*** Begin section ***

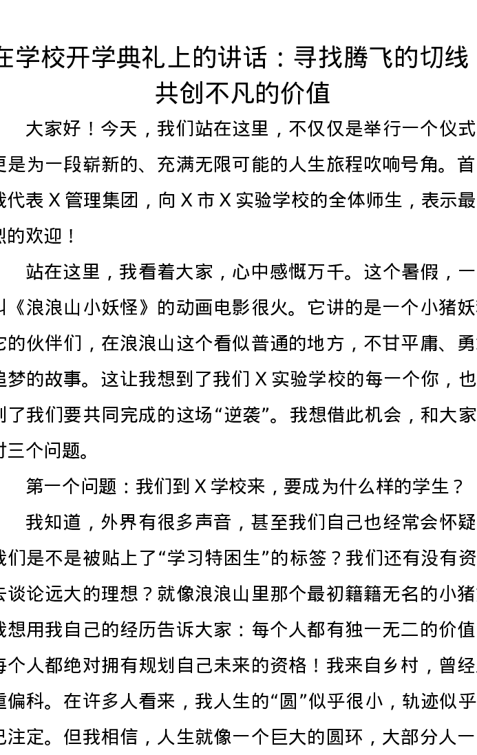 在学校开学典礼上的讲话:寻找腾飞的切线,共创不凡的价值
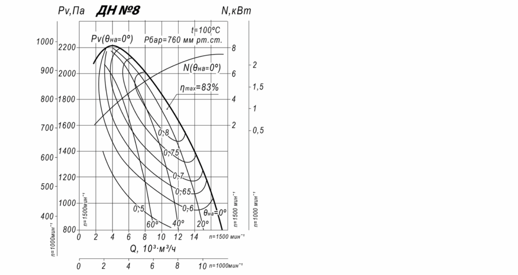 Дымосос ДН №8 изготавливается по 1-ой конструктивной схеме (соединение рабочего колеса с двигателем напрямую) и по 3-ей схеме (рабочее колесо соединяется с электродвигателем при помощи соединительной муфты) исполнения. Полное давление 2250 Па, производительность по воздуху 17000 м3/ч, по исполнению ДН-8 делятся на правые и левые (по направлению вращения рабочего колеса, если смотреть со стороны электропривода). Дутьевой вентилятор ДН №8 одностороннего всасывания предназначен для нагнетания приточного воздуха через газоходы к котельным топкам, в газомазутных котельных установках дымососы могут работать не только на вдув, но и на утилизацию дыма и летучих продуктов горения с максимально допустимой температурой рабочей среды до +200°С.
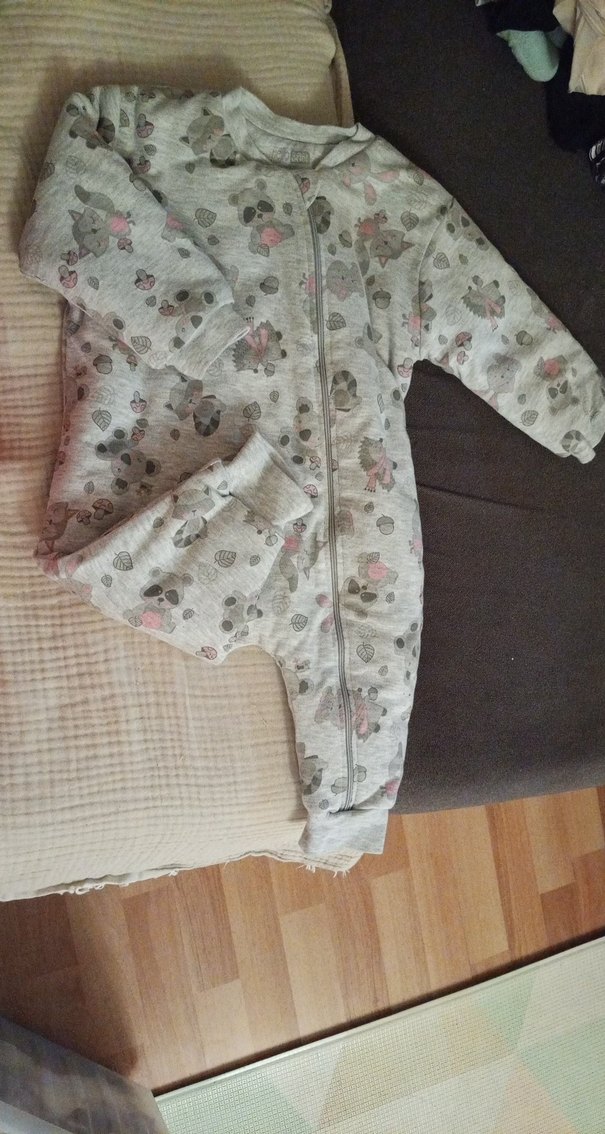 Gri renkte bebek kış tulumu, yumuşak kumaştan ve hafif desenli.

*** End section ***

Your assignment
Pictures are not part of the copy; retype all the other material exactly.

Answer section
 在学校开学典礼上的讲话:寻找腾飞的切线,共创不凡的价值
 Дымосос ДН №8 изготавливается по 1-ой конструктивной схеме (соединение рабочего колеса с двигателем напрямую) и по 3-ей схеме (рабочее колесо соединяется с электродвигателем при помощи соединительной муфты) исполнения. Полное давление 2250 Па, производительность по воздуху 17000 м3/ч, по исполнению ДН-8 делятся на правые и левые (по направлению вращения рабочего колеса, если смотреть со стороны электропривода). Дутьевой вентилятор ДН №8 одностороннего всасывания предназначен для нагнетания приточного воздуха через газоходы к котельным топкам, в газомазутных котельных установках дымососы могут работать не только на вдув, но и на утилизацию дыма и летучих продуктов горения с максимально допустимой температурой рабочей среды до +200°С.
 Gri renkte bebek kış tulumu, yumuşak kumaştan ve hafif desenli.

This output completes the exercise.